Sortir des murs de l'Alliance française
De façon générale, l'Alliance française est appelée à sortir de ses murs. Elle le fait déjà, avec sa programmation culturelle, qui lui permet de mettre à portée de main du tout Madrid les valeurs et une certaine forme de pensée liées à la langue française. Le concours international de photographie auquel avec l'EFTI -le Centre International de Photographie et de Cinéma- et l´ENSP (Ecole Nationale Supérieure de Photographie) elle participe depuis bientôt 8 ans, mobilise même au-delà des frontières espagnoles. Fin juin, un nouvel appel à participation devrait être lancé pour capter l'attention du public jusqu'en novembre 2020, lorsqu'il sera mis fin à la circulation des expositions itinérantes dans les Alliances de toute l'Espagne. Mais ce sont aussi ses interventions dans le domaine des cultures urbaines ou encore le festival de cinéma francophone qui ancrent l'institution auprès du public le plus jeune. "L'enseignement du français grand public reste l'un des piliers fondamentaux de l'Alliance française", rappelle Julian Ocaña. "Nous devons développer notre attractivité et notre offre pour les plus jeunes publics, qui sont et resteront nos élèves de demain". Un axe de développement qui passe aussi par l'établissement d'accords avec d'autres structures scolaires. "Nous sommes condamnés à ouvrir des cours à l'extérieur de l'Alliance", décrypte le directeur, "car si l'on reste tributaires de notre localisation géographique dans Madrid, notre développement est limité". A l'ère de la consommation "Amazon", l'accès aux cours de français doit être plus immédiat et plus personnalisé, notamment pour les plus jeunes. "Il faut permettre aux parents espagnols, qui font l'effort de nous amener chaque semaine leurs enfants pour apprendre le français, parce qu'ils pensent que l'anglais n'est pas suffisant, ce qui suppose un investissement appréciable de leur part et témoigne d'une foi louable en notre culture, de le faire dans les conditions les plus aisées qui soient", estime Ocaña. "Nous devons être créatifs et savoir développer toujours plus de cours à l'extérieur. C'est fondamental". A ces fins, l'entité peut aussi compter sur son département de séjours linguistiques, qui propose en Espagne, en France et dans un certain nombre d'autres pays, tels que la Suisse ou le Canada, des immersions souvent prisées par les plus jeunes. L'offre, face aux fluctuations de demande que subissent les cours traditionnels, connaît une constance dans l'intérêt qu'y portent les Espagnols.
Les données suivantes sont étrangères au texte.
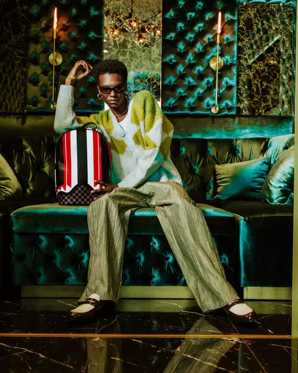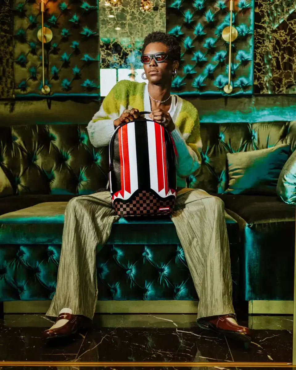 Dimensions: 18″ x 6″ x 11.5″ Front zipper pocket Side pockets Zippered Stash pocket Separate velour sunglass compartment Ergonomic mesh back padding Adjustable Straps for custom sizing Gold zippers with metal hardware Metal “Sprayground Authentic” badge Slide through back sleeve connects to carry-on luggage to free your hands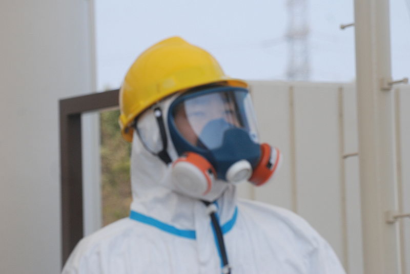 Fukushima: Mitarbeiter am Kraftwerkseingang (13. April 2011)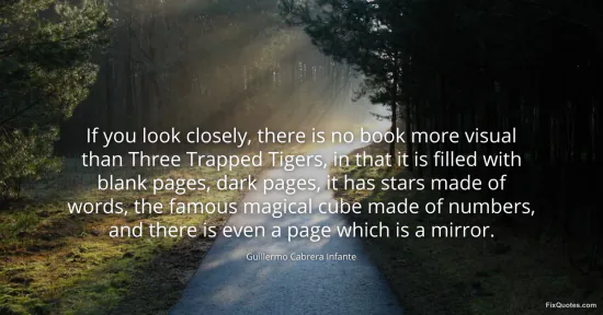 Infante, Guillermo Cabrera. "If you look closely, there is no book more visual than Three Trapped Tigers, in that it is filled with blank pages, dark pages, it has stars made of words, the famous magical cube made of numbers, and there is even a page which is a mirror." FixQuotes. January 15, 2026. https://fixquotes.com/quotes/if-you-look-closely-there-is-no-book-more-visual-144068/.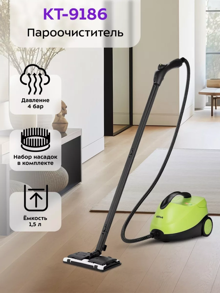 Пароочиститель Kitfort КТ-9186 предназначен для уборки полов и поверхностей, находящихся как внутри, так и вне помещений.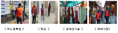 1단계로 17일 1,000여명을 공공일자리 사업으로 선발해 시설의 긴급성, 파급효과 등을 고려해 어린이집, 경로당, 재래시장, 체육문화센터 등을 중심으로 인력을 투입, 안심방역을 추진 중이다.

"Je présage de beaux jours à l'Alliance française", sourit Julian Ocaña, qui "à un âge où d'autres peuvent songer à la retraite", s'est investi dans une "mission enthousiasmante" pour laquelle il a le sentiment de s'être formé jusque là et qu'il entend mener jusqu'au bout. Un nouveau dynamisme est en tous cas clairement à l'ordre du jour. Avec du mouvement à Paris, une fondation Alliance française d'Espagne qui vient juste d'élire un nouveau bureau et qui sera probablement hébergée dans les locaux de la structure madrilène, cette dernière élargit aussi son Conseil d'Administration, qui devrait accueillir de nouveaux membres prochainement. L'Alliance française de Madrid devrait ainsi raffermir son rôle important au sein du réseau des 22 antennes réparties sur le territoire et contribuer à marquer le cap des développements futurs.